Es könnte argumentiert werden, dass die Chancen, einen Terroristen ausfindig zu machen, tatsächlich steigen könnten, wenn Telefonaufzeichnungen mit Kreditkartenkäufen und anderen elektronischen Daten zusammengeführt würden. Für Amerikaner, die ihre persönliche Sicherheit über die „unveräußerlichen Rechte“ der Nation stellen, könnte das ein Kompromiss sein, den sie für akzeptabel halten würden.

Aber für Amerikaner, die glauben, dass Angst niemals Vorrang vor Freiheit haben sollte, wäre ein freiwilliger Verzicht auf die Freiheiten, die die Vereinigten Staaten geprägt haben – im Austausch für einige fragwürdige Zusicherungen von etwas mehr Sicherheit – undenkbar.

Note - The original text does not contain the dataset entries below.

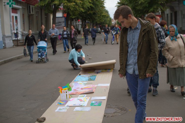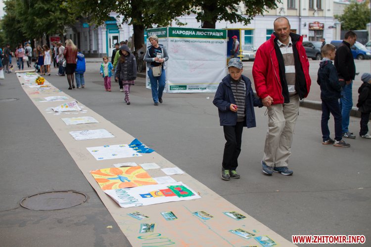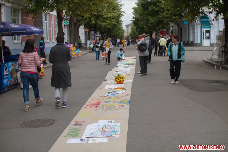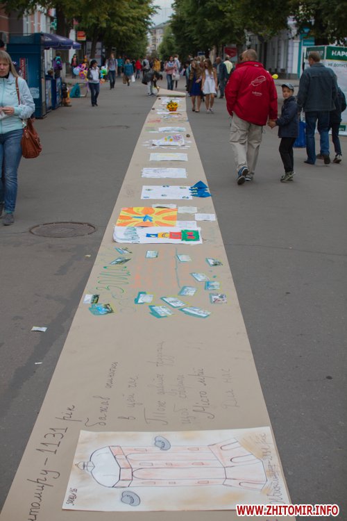 12 вересня у День міста на єдиній житомирській пішохідній вулиці Михайлівській розгорнули кількаметровий ватман з малюнками дітей про майбутнє.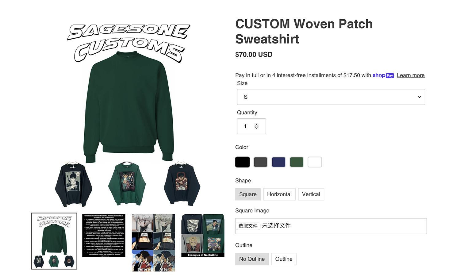 如果你打开 SAGESONE 的官方网站,会发现除了他们正在售卖的设计之外,还提供了个人定制的选项。你可以选择帽衫、卫衣、T-Shirt 等不同款式、颜色的底版,再选择一张自己喜欢的图片并上传,接下来他们会按照图片制作出一块挂毯材质的物料,然后按照既定的位置帮你缝制或拼接在衣服上,大多是以补丁和拼贴的形式。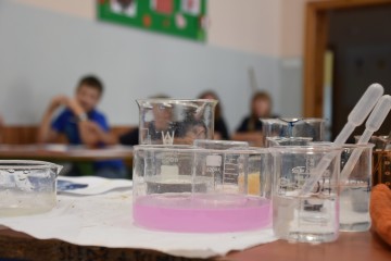 Malować bez farb? Czy to możliwe? Na stole leżą: menzurka, pipeta i kilka szklanych pojemników z różnobarwnymi płynami, ale nie farbami. Dorośli są ubrani w białe fartuchy, mają okulary na oczach, a grupa dzieci skupiona jest wokół nich. Tak wyglądała pierwsza część dzisiejszego spotkania uczestników warsztatów z cyklu Badacze i odkrywcy. Dzieci uczestniczące w zajęciach mogły się przekonać, że nie mając farb plakatowych, ani choćby akwareli można malować.

Robert Parry veröffentlichte in den 1980er Jahren viele der Iran-Contra-Geschichten für Associated Press und Newsweek. Sein neuestes Buch, Geheimhaltung und Privilegien: Aufstieg der Bush-Dynastie von Watergate bis zum Irak, kann unter bestellt werden secrecyandprivilege.com. Es ist auch erhältlich unter Amazon.com, ebenso wie sein 1999 erschienenes Buch, Verlorene Geschichte: Contras, Kokain, die Presse und „Project Truth“.